# EXERCISE REQUIREMENTS
In the listing below, locate the line containing "수원시가 시내 도로에" and copy it and every line after it through the end, exactly as written, leaving out any pictures.
Top of GIVEN DATA
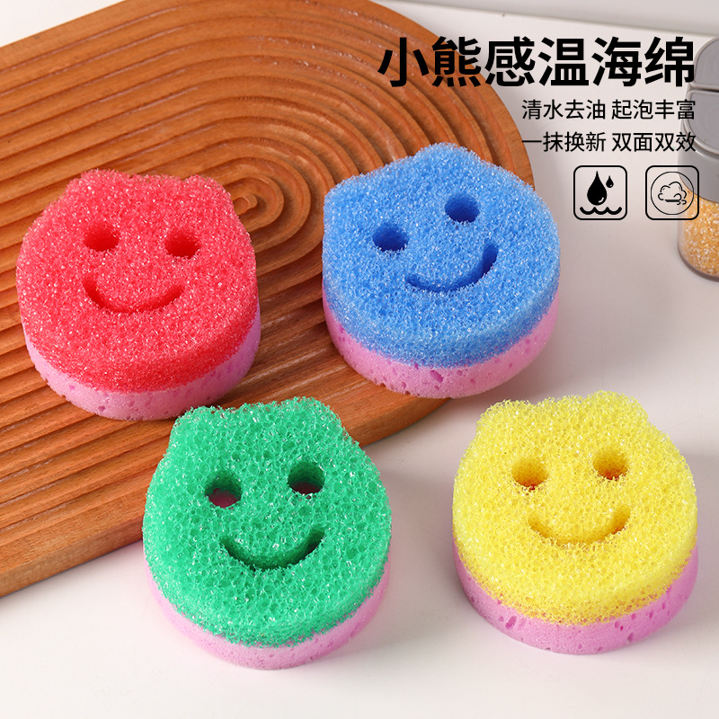 かわいいクマの温度感知スポンジ家庭用クリーニング食器洗いスマイリーフェイススポンジ洗浄ノンスティックオイル温度感知スポンジ卸売
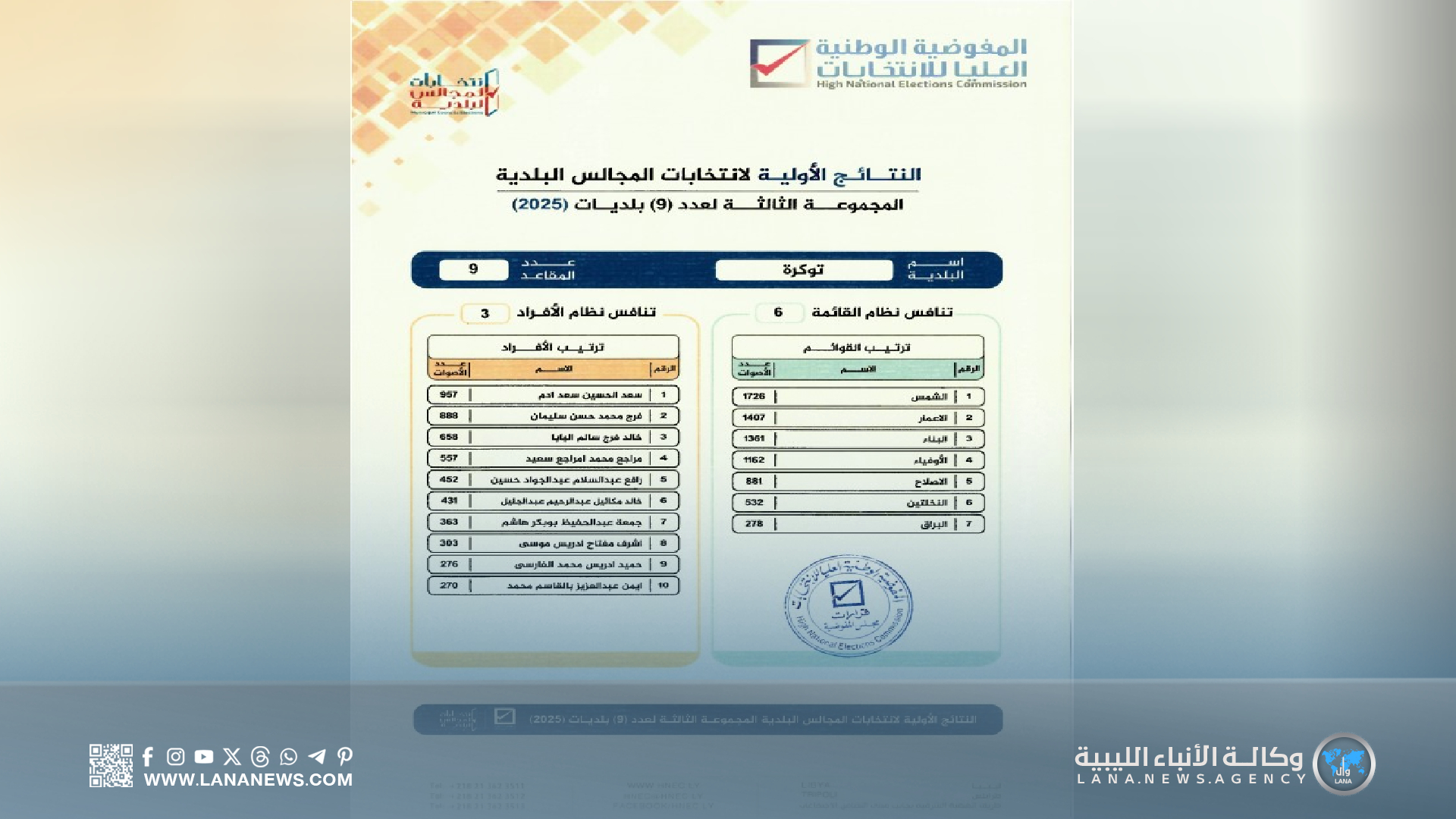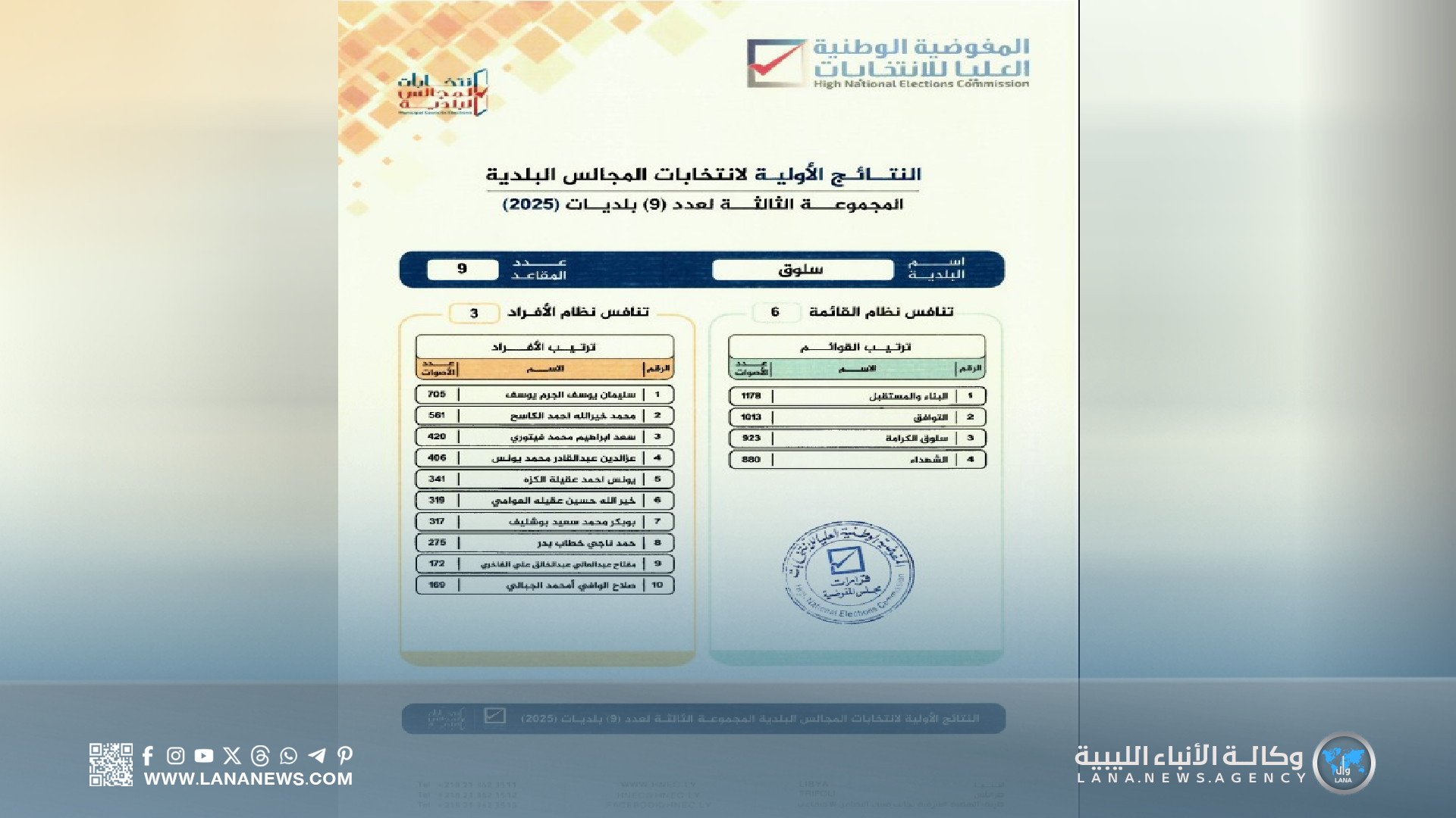 وأكدت المفوضية الوطنية العليا للانتخابات أن إعلان النتائج الأولية يأتي في إطار التزامها بتنفيذ الاستحقاقات الانتخابية وفق الأطر القانونية المعتمدة، واحترام إرادة الناخبين، وتعزيز الثقة في المسار الانتخابي باعتباره أحد الركائز الأساسية لبناء الدولة وترسيخ الحكم المحلي.
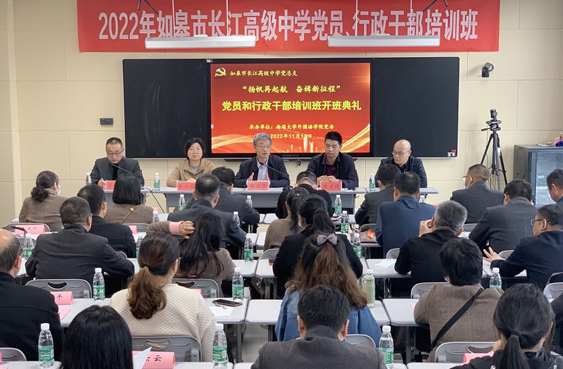 本次培训班由如皋市长江高级中学主办,我校外国语学院承办,来自如皋市长江高级中学50名党员、行政干部参加培训。培训班以《扬帆再起航 奋楫新征程》为主题,将围绕学习贯彻党的二十大精神,开展理论教学、现场教学、实境教育、交流研讨等内容丰富、形式多样的学习活动。
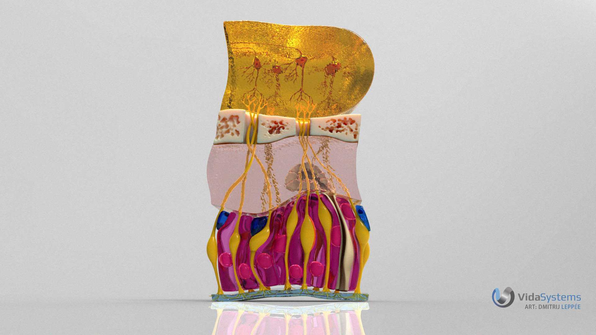 This is a recent piece, an olfactory epithelium. I usually wouldn’t publish this kind of work as it might not be as interesting as some other more popular subjects, but I had so much fun doing this one - more than anything else in recent time, and contrived even more workflows in ZBrush in executing this scene, so when a work includes problem solving it’s heaven for me
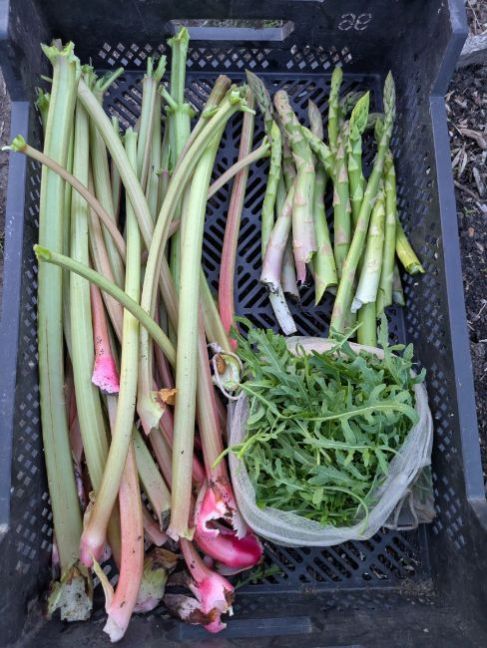 Voorjaarskratje. Rucola alweer aangetast door aardvlooien maar dat kan me niet schelen. Zonde om te laten staan, zo lekker scherp die wilde rucola. Heb een rabarber die nooit rood wordt. Bij het herinrichten van de tuin gaat deze eruit en een nieuwe rabarber erin. Red champagne of frambozen rood, nog geen keuze gemaakt. Tevens bloeit deze rabarber bijna jaarlijks dus dat is ook irritant.
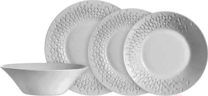 - В наборе салатник, тарелка закусочная (десертная), тарелка столовая глубокая, тарелка столовая мелкая
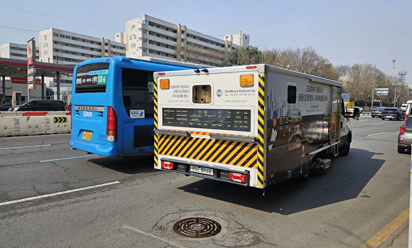 수원시가 시내 도로에 대해 GPR(지표투과레이더) 탐사를 하고 있다. [사진=수원시]
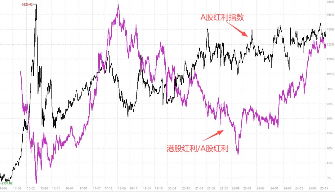 我们再简单看一个比值。下图黑线是A股红利指数走势,紫线是港股红利相对A股红利的比值。
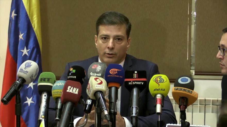La embajada de la República Bolivariana de Venezuela en Damasco (la capital de Siria) ha celebrado este martes una rueda de prensa en su sede. Con el título de “Bloqueo económico y financiero como arma de guerra contra Venezuela”. El embajador de Venezuela, José Gregorio Biomorgi, informó a HispanTV sobre el objetivo de este evento.
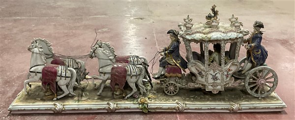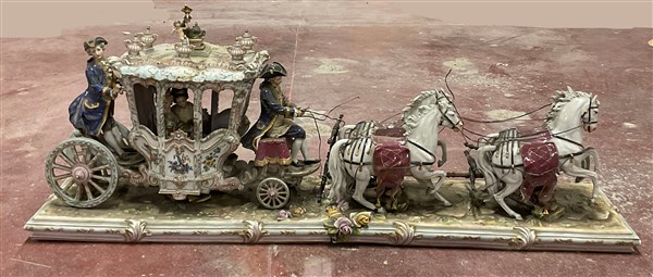 Grande gruppo in porcellana policroma composto da due elementi raffigurante una carrozza con gentildonne cavalli e conducenti. Marcato von la "N" coronata su un elemento (cm 91x35x21) (lievi difetti)
Bottom of GIVEN DATA
# EXERCISE RESULT
 수원시가 시내 도로에 대해 GPR(지표투과레이더) 탐사를 하고 있다. [사진=수원시]
 我们再简单看一个比值。下图黑线是A股红利指数走势,紫线是港股红利相对A股红利的比值。
La embajada de la República Bolivariana de Venezuela en Damasco (la capital de Siria) ha celebrado este martes una rueda de prensa en su sede. Con el título de “Bloqueo económico y financiero como arma de guerra contra Venezuela”. El embajador de Venezuela, José Gregorio Biomorgi, informó a HispanTV sobre el objetivo de este evento.
 Grande gruppo in porcellana policroma composto da due elementi raffigurante una carrozza con gentildonne cavalli e conducenti. Marcato von la "N" coronata su un elemento (cm 91x35x21) (lievi difetti)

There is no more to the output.